▶ _EXERCISE_
If an entry holds a picture, leave the picture out and output everything else exactly.

##### EXERCISE MATERIALS #####

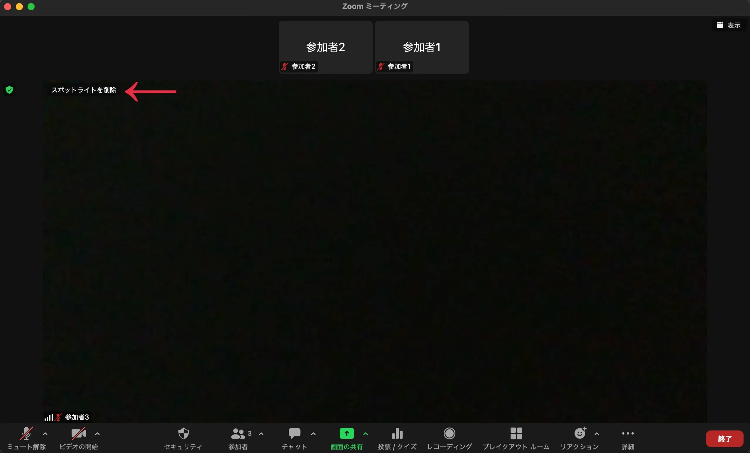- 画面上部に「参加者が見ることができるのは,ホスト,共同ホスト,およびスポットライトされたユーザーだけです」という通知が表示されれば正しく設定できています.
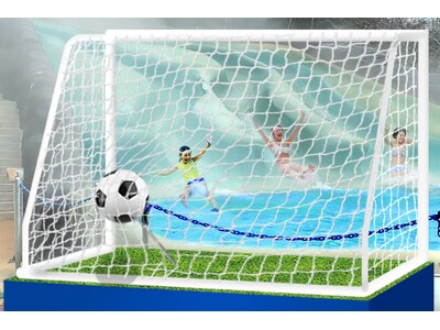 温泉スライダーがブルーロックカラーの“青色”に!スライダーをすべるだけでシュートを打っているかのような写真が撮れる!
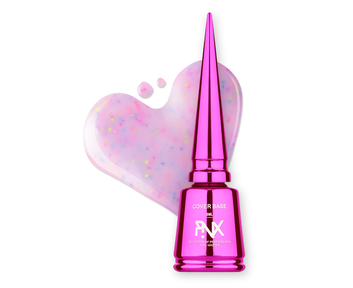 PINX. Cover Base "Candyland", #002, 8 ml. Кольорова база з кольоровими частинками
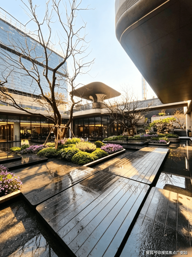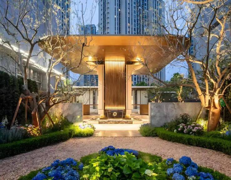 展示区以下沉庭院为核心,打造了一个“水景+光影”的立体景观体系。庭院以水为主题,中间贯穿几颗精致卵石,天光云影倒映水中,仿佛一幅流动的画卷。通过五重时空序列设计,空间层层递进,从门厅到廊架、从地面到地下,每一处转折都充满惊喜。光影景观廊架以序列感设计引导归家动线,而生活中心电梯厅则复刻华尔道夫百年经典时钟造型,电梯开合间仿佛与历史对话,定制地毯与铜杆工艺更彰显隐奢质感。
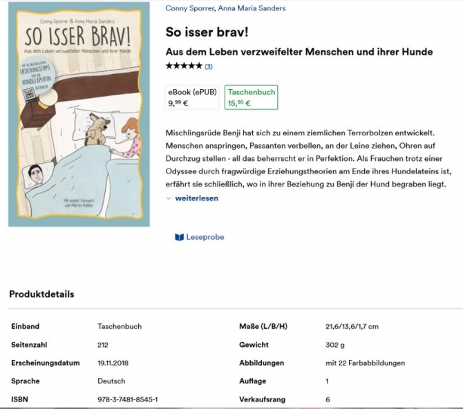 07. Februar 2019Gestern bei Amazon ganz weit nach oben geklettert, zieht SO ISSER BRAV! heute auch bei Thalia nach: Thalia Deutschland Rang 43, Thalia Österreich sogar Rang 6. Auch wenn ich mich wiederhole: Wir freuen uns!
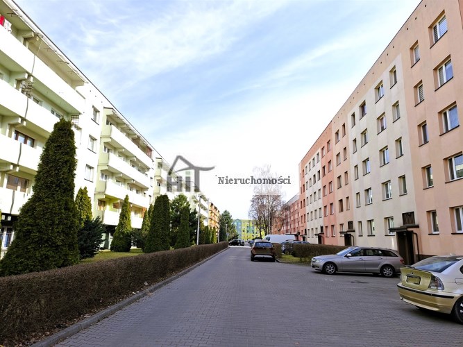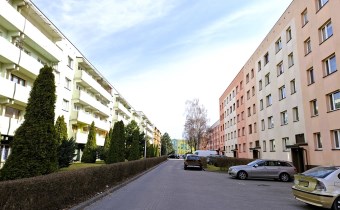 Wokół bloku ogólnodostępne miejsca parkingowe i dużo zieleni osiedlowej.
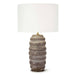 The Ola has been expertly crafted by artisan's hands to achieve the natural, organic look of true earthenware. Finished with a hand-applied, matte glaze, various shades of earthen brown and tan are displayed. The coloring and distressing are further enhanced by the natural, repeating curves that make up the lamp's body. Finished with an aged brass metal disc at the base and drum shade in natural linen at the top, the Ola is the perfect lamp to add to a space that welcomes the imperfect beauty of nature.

#####

▶ _SOLUTION TO THIS TASK_
- 画面上部に「参加者が見ることができるのは,ホスト,共同ホスト,およびスポットライトされたユーザーだけです」という通知が表示されれば正しく設定できています.
 温泉スライダーがブルーロックカラーの“青色”に!スライダーをすべるだけでシュートを打っているかのような写真が撮れる!
 PINX. Cover Base "Candyland", #002, 8 ml. Кольорова база з кольоровими частинками
 展示区以下沉庭院为核心,打造了一个“水景+光影”的立体景观体系。庭院以水为主题,中间贯穿几颗精致卵石,天光云影倒映水中,仿佛一幅流动的画卷。通过五重时空序列设计,空间层层递进,从门厅到廊架、从地面到地下,每一处转折都充满惊喜。光影景观廊架以序列感设计引导归家动线,而生活中心电梯厅则复刻华尔道夫百年经典时钟造型,电梯开合间仿佛与历史对话,定制地毯与铜杆工艺更彰显隐奢质感。
 07. Februar 2019Gestern bei Amazon ganz weit nach oben geklettert, zieht SO ISSER BRAV! heute auch bei Thalia nach: Thalia Deutschland Rang 43, Thalia Österreich sogar Rang 6. Auch wenn ich mich wiederhole: Wir freuen uns!
 Wokół bloku ogólnodostępne miejsca parkingowe i dużo zieleni osiedlowej.
 The Ola has been expertly crafted by artisan's hands to achieve the natural, organic look of true earthenware. Finished with a hand-applied, matte glaze, various shades of earthen brown and tan are displayed. The coloring and distressing are further enhanced by the natural, repeating curves that make up the lamp's body. Finished with an aged brass metal disc at the base and drum shade in natural linen at the top, the Ola is the perfect lamp to add to a space that welcomes the imperfect beauty of nature.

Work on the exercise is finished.